Matt Taibbi on How Americans Changed After 9/11

latest How Americans Changed After 9/11 Matt Taibbi on War Politics Religion and Empire


Matt Taibbi joined Mark Ames in 1997 to co-edit the controversial English-language Moscow-based, bi-weekly free newspaper, The eXile. Of Exile, Taibbi said, "We were out of the reach of American libel law, and we had a situation where we weren't really accountable to our advertisers. We had total freedom." In the U.S. media, Playboy magazine published pieces on Russia both by Taibbi and by Taibbi and Ames together during this time.

In 2002, he returned to the U.S. to start the satirical bi-weekly The Beast in Buffalo, New York, which he eventually left declaring that "Running a business and writing is too much." Taibbi continued as a freelancer for The Nation, Playboy, New York Press (where he wrote a regular political column for more than two years), Rolling Stone, and New York Sports Express (as Editor at Large). Taibbi said being a journalist was a "career failure. I wanted to be a novelist," he announced at an NYU lecture.

Taibbi left the New York Press in August 2005, shortly after his editor Jeff Koyen was forced to quit over issues raised by Taibbi's column "The 52 Funniest Things About The Upcoming Death of The Pope". "I have since learned that there would not have been an opportunity for me to stay anyway," Taibbi later wrote.

Taibbi became a Contributing Editor at Rolling Stone, penning feature-length articles on domestic and international affairs, along with a weekly political online column titled "The Low Post" for the magazine's website. Taibbi writes for the print edition of Rolling Stone, and contributes to their website in his current blog, "Taibblog". A later online column titled "Year of the Rat" was meant to document the 2008 election season, but it ended after only a few postings.

Taibbi covered the 2008 presidential campaign for Real Time with Bill Maher, and he has made several guest appearances on MSNBC's The Rachel Maddow Show and other MSNBC programs. He also has appeared on Democracy Now! and served as a contributor on Countdown with Keith Olbermann. Taibbi is an occasional guest on the Thom Hartmann radio and TV shows.

His July 2009 Rolling Stone article "The Great American Bubble Machine" described Goldman Sachs as "a great vampire squid wrapped around the face of humanity, relentlessly jamming its blood funnel into anything that smells like money".
Tackling the assistance to banks given in foreclosure courts, Taibbi traveled to Jacksonville, Florida to observe the "rocket docket" to process foreclosures without regard to the legality of the financial instruments being ruled upon, speeding-up the process to enable quick resale of the properties while obscuring the fraudulent and predatory nature of the loans, and a reluctance to allow public observance of the court proceedings. "Invasion of the Home Snatchers" was published in the November 25, 2010 issue of Rolling Stone.
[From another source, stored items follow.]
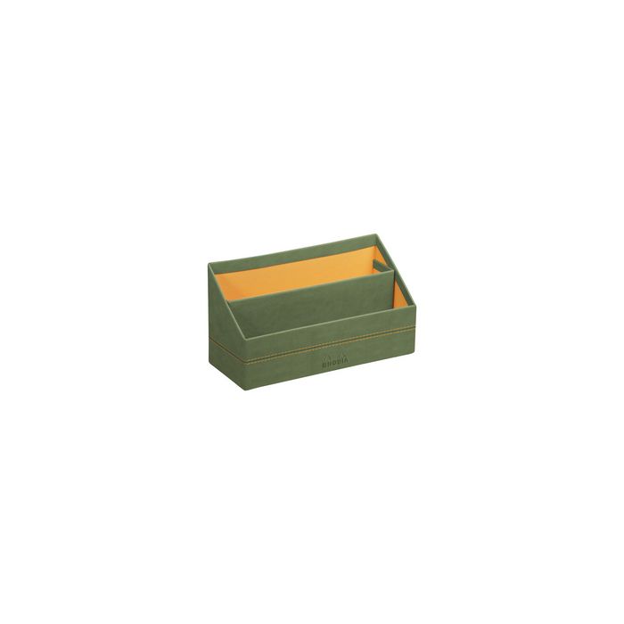 RHODIA Porte-courrier, en simili cuir, sauge dimensions: (L)250 x (P)100 x (H)140 mm, 2 compartiments, avec l'élégant logo RHODIA embossé (194608C)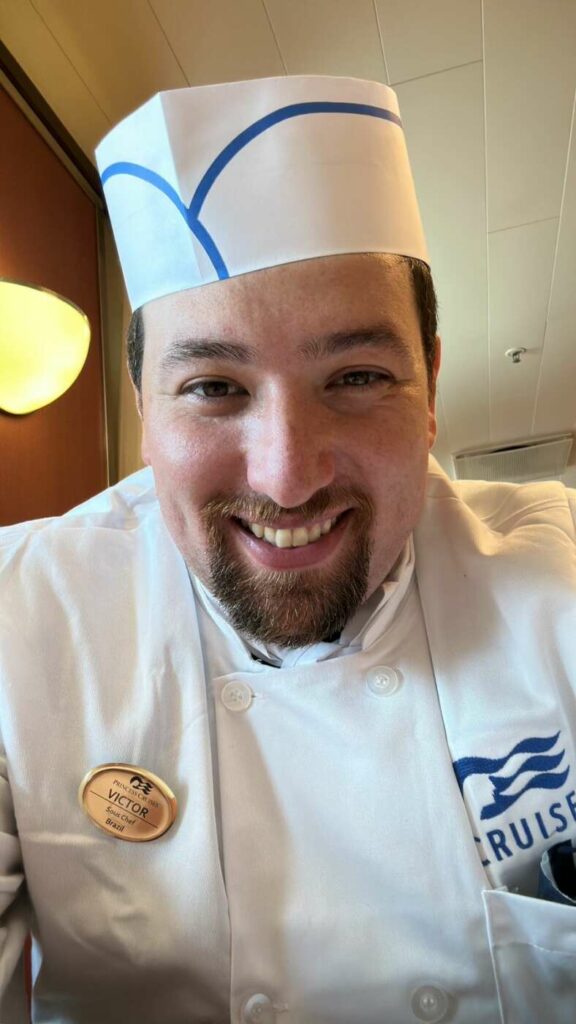Victor já tem experiência com trabalho em navios desde 2011, quando teve o primeiro contrato. “Eu tinha 19 anos e era segundo cozinheiro. Hoje tenho 32 anos e sou sous chef, responsável por gerenciar a cozinha do navio durante o cruzeiro”.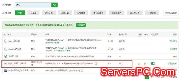1、在宝塔-软件商店中安装好Nginx免费防火墙,并且开启防火墙。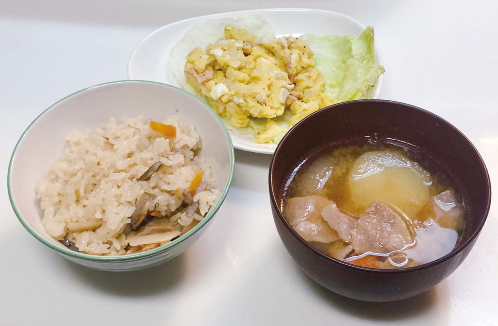 炊き込みごはんと豚汁とポテトサラダが完成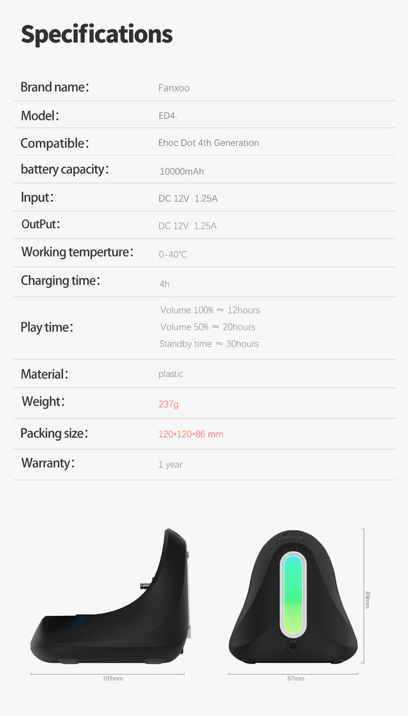 - 【Plug and Play】The integrated design of the ED4 battery base and the Echo dot 4th generation voice speaker is simple to use. It can battery the Echo dot 4th generation while charging. The Echo dot 4th can be used in the battery base for a long time without removing it.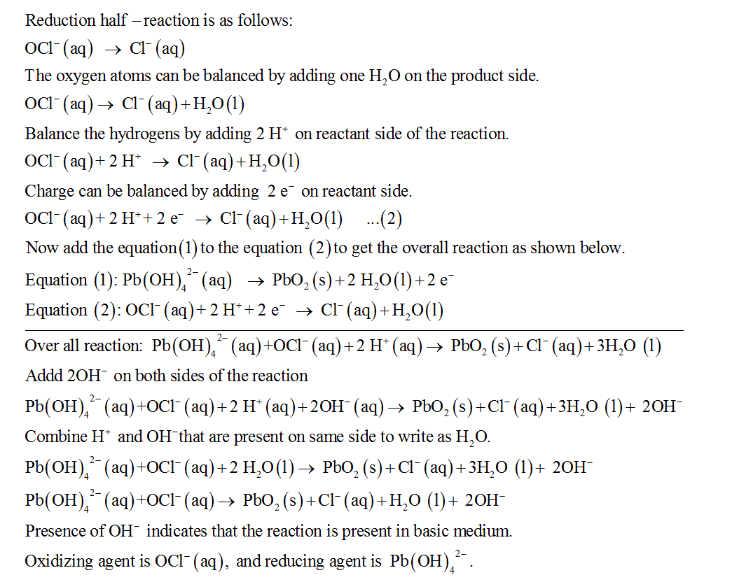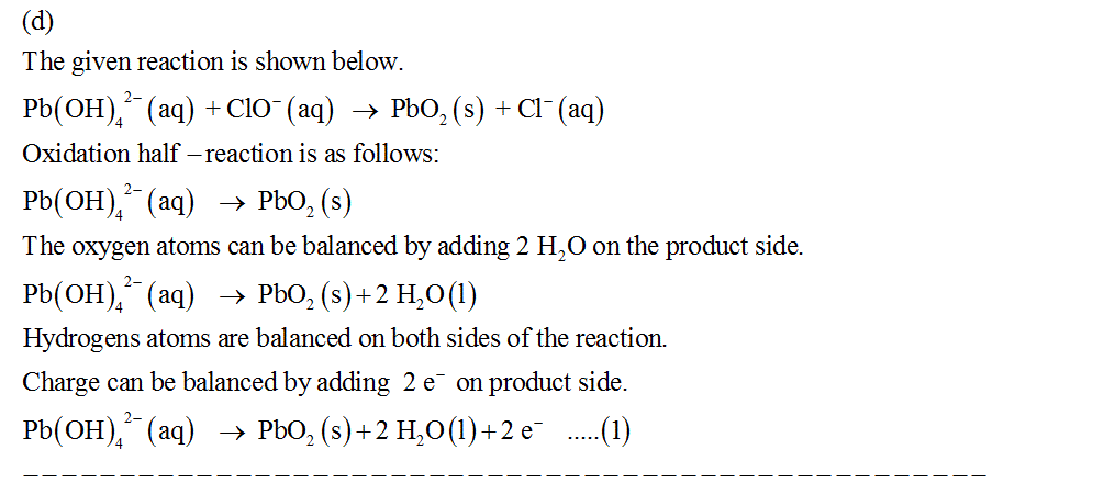 (d) Pb(OH)42-(aq) + ClO-(aq) ? PbO2(s) + Cl-(aq) (basic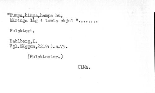 //// "Humpa, himpa, hampa hu, //// ^äringa låg i tomta skjul //// Polsktext. //// Dahlberg?I. //// Vgl.Häggw^2219:3.s.75. //// (Polsktexter.) //// ULMA. ////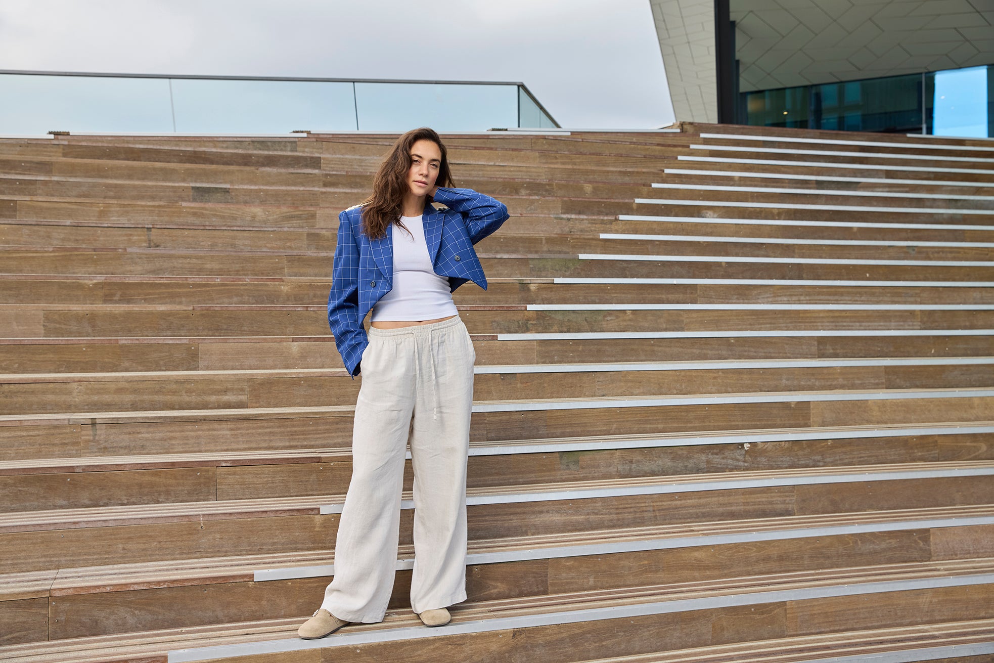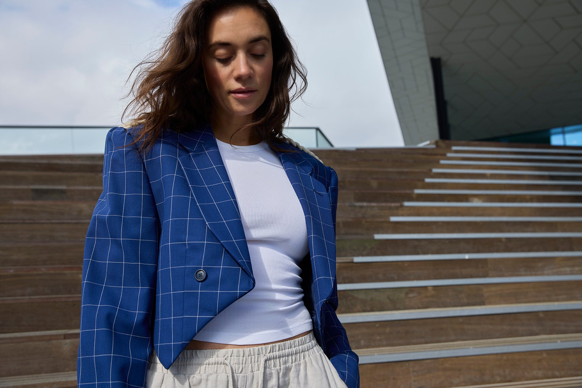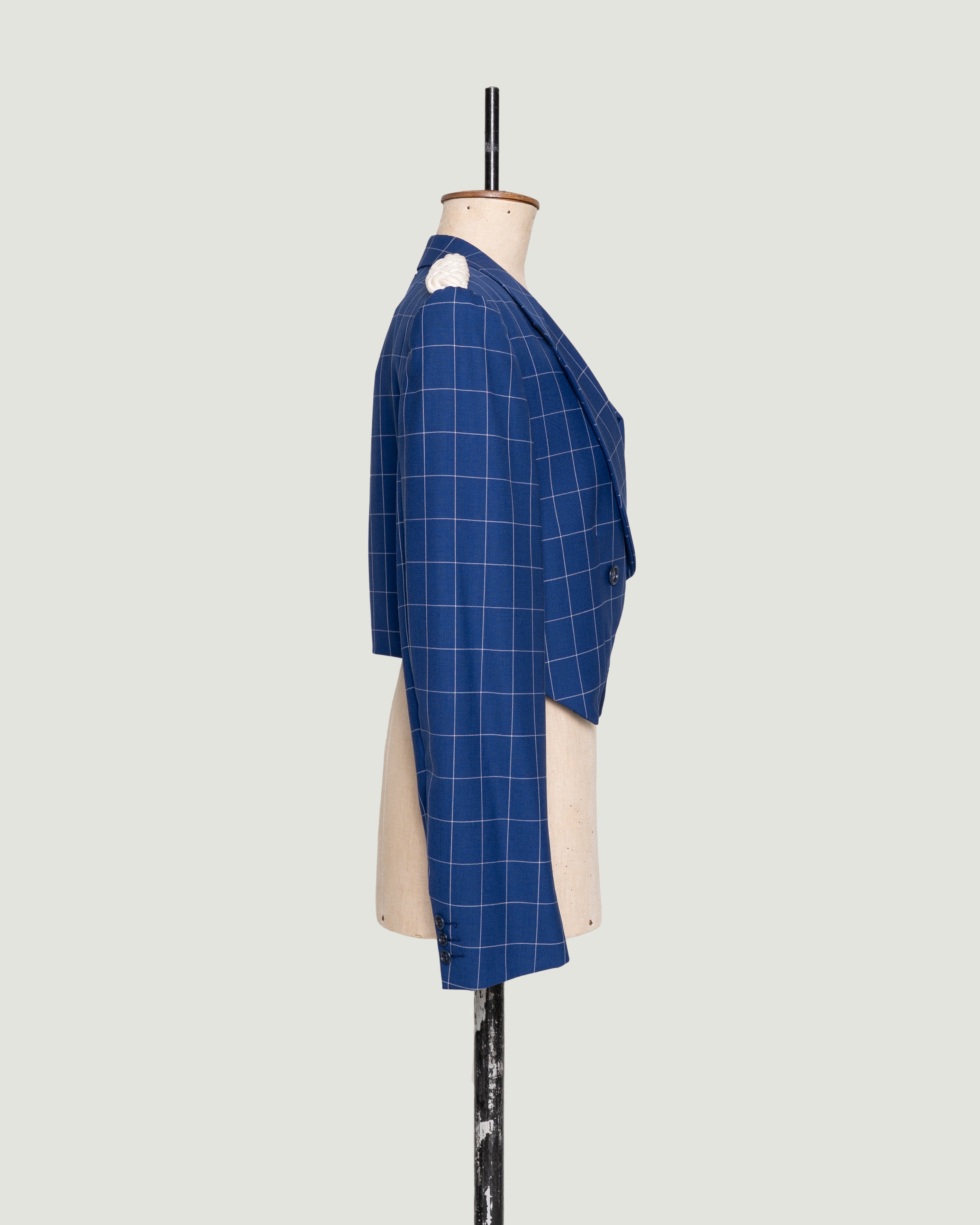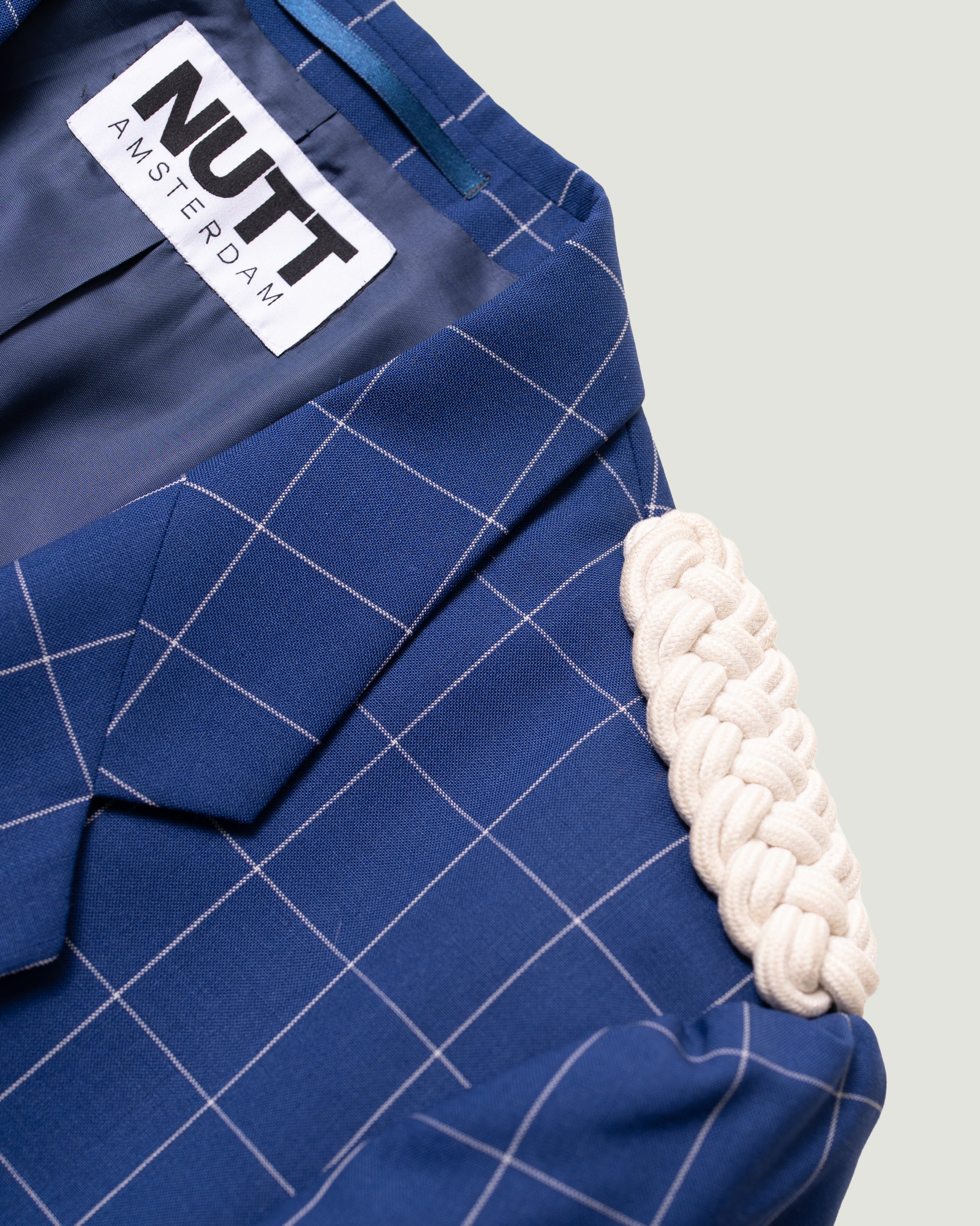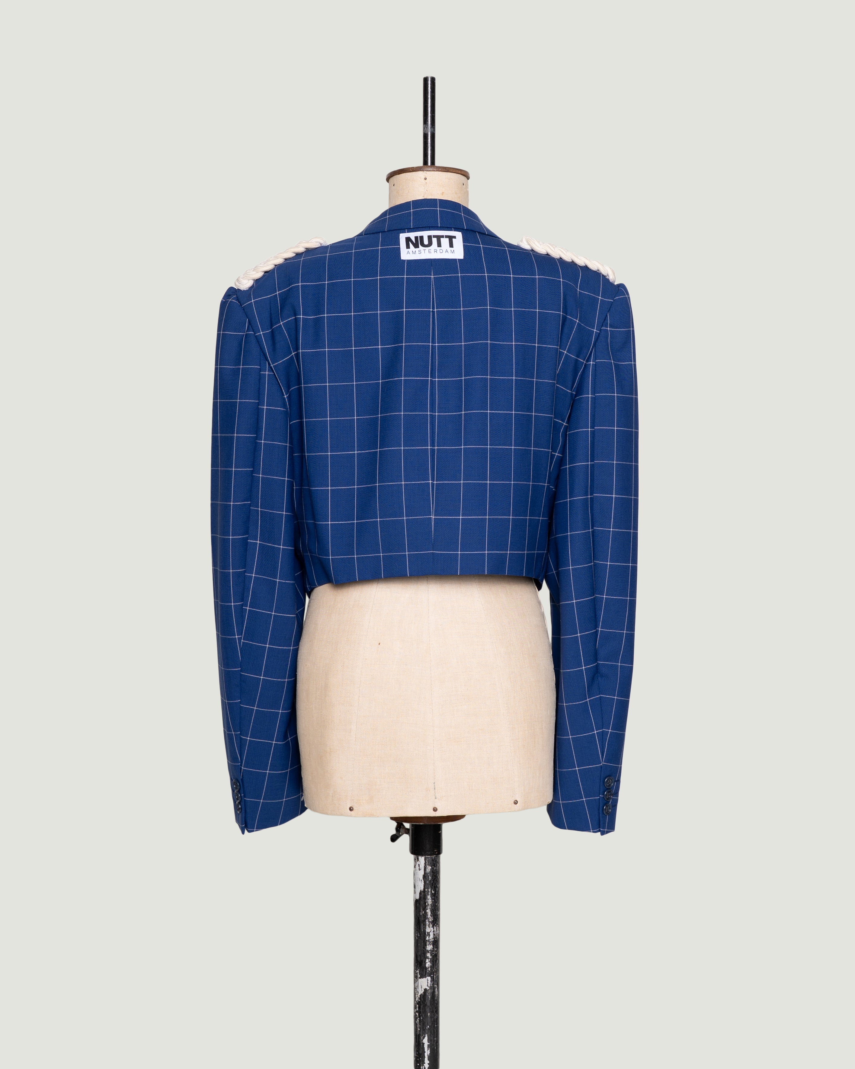 PARADE is een uniek design, samengesteld uit een nooit-meer-gedragen blauwe blazer in fijn geweven ruit en stoere epauletten van een verloren paradekostuum. De blazer valt lekker los, heeft lange mouwen en wordt open gedragen voor een relaxte look. Met drie binnenzakken mix je moeiteloos casual met chique.

As financial scandals continued to rock the world during 2012, Taibbi's analyses of the machinations garnered him invitations to nationally broadcast television programs as an expert who could explain the events as they unfolded and their importance to viewers and moderators alike. In a discussion of the Libor revelations, Taibbi's coverage in Rolling Stone was singled out by Dennis Kelleher, president of Better Markets, Inc., as most important on the topic, that had become required reading to remain informed.